The secret, he found, was to stick the particle in a “disordered” quantum landscape, one dotted with peaks and valleys. Each location would have a random height, representing a random energy. In a real material, this disorder might come from impurities such as missing atoms or atoms of different elements.

With enough disorder, Anderson concluded, a particle would never tunnel far. In order to tunnel, a particle needs to find a location with a similar energy (or at a similar altitude) to the one it starts out in. And more disorder makes such sites scarcer. By looking further into the landscape, a particle might be able to scout candidate sites at a decent clip. This rate could be quite fast in “higher” dimensions like 2D planes and 3D bricks, where the particle has more options available to it. But the exponential difficulty of reaching those locations would always rise even faster, making tunneling an unlikely proposition.

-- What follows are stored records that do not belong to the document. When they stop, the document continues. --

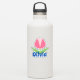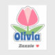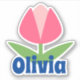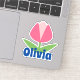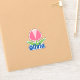 flor de tulipa cor-de-rosa com adesivo de nome das folhas verdes, facilmente personalizada com seu nome.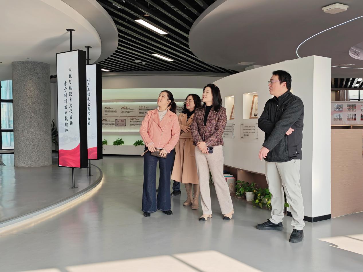 在苏童院长助理、陈小欢馆长的陪同下,我校一行重点参观了该院融合“校史馆、阅览空间(主题馆)、校友之家(校友馆)”的“三馆合一”创新空间项目。该项目以“无界校史、共融共享”为理念,实现“空间美学、功能需求、文化滋养”的三重统一。黄磊晶副校长一行对该空间的设计理念及创新模式表示赞赏,认为这对我校的空间设计具有借鉴意义。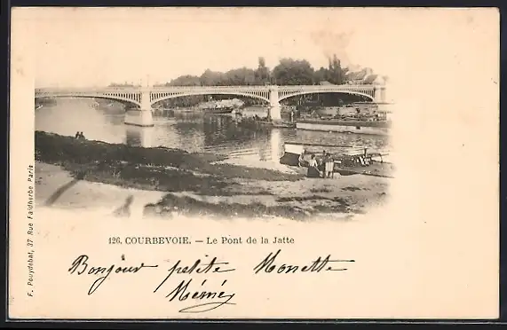 AK Courbevoie, Le Pont de la Jatte et les berges animées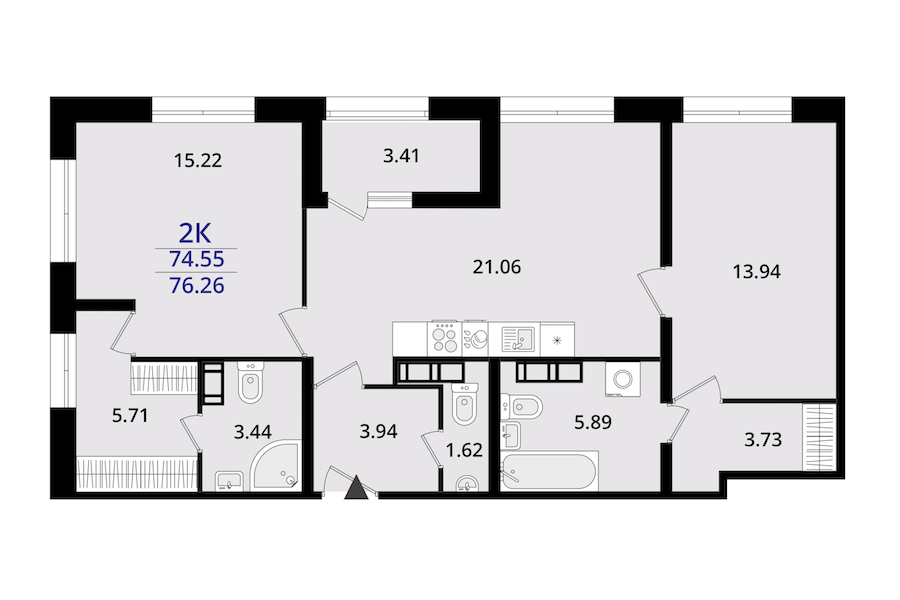 • Площадь76,26 м2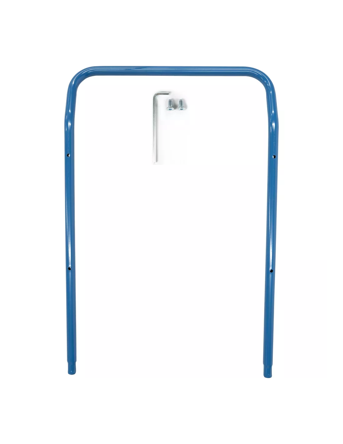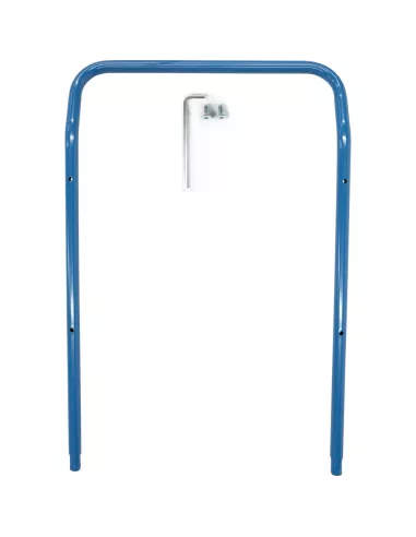 Barre vertical pour poussée de servantes légers. En tube d'acier cintré, revêtement époxy bleu RAL 5007. Incl. matériel de montage sur côté des roulettes pivotantes des chariots.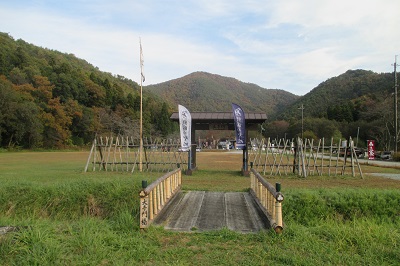 少し行くと、国道に架かる野村橋手前で少し上流に姉川古戦場跡の大きな看板が見える。そちらに行くと、現在は車両通行禁止となっている旧野村橋の北詰に姉川古戦場跡碑や説明板などが建てられており、周囲には広大な古戦場跡が広がっている。

Tunneling was not enough, Anderson argued in a 1958 paper. A disordered landscape of any dimension would “localize” a particle. The work went essentially unread for years, although it would eventually help secure him a share of the 1977 Nobel Prize in Physics.

While Anderson’s musings had been inspired by electrons in a semiconductor, his framing reveals that he was thinking more abstractly. The anomaly that had motivated him was a mysterious resistance among electrons to a process known as thermalization. He sought to understand more deeply when a system would or would not thermalize. He was not the first physicist to study this phenomenon, but the questions he raised in his work would capture the imaginations of a later generation of physicists.

“It was 50 years ahead of its time,” said David Huse, a physicist at Princeton University.

In everyday language, thermalization is the natural tendency for systems to get mixed up. A new deck of cards quickly loses its original order. A sandcastle winds up as a wet lump of sand. In thermodynamics, this trend is a straightforward consequence of statistics. There are just a few ways to be ordered and a tremendous number of ways to be mixed up, so an initially ordered system is extremely likely to end up mixed.

The key feature of thermalization is that any initial patterns get wiped out by the mixing. Any initial hot spot or concentration of energy, for instance, spreads out until no further spreading is possible. At this point, the system becomes stable and stops noticeably changing — a scenario physicists refer to as thermal equilibrium.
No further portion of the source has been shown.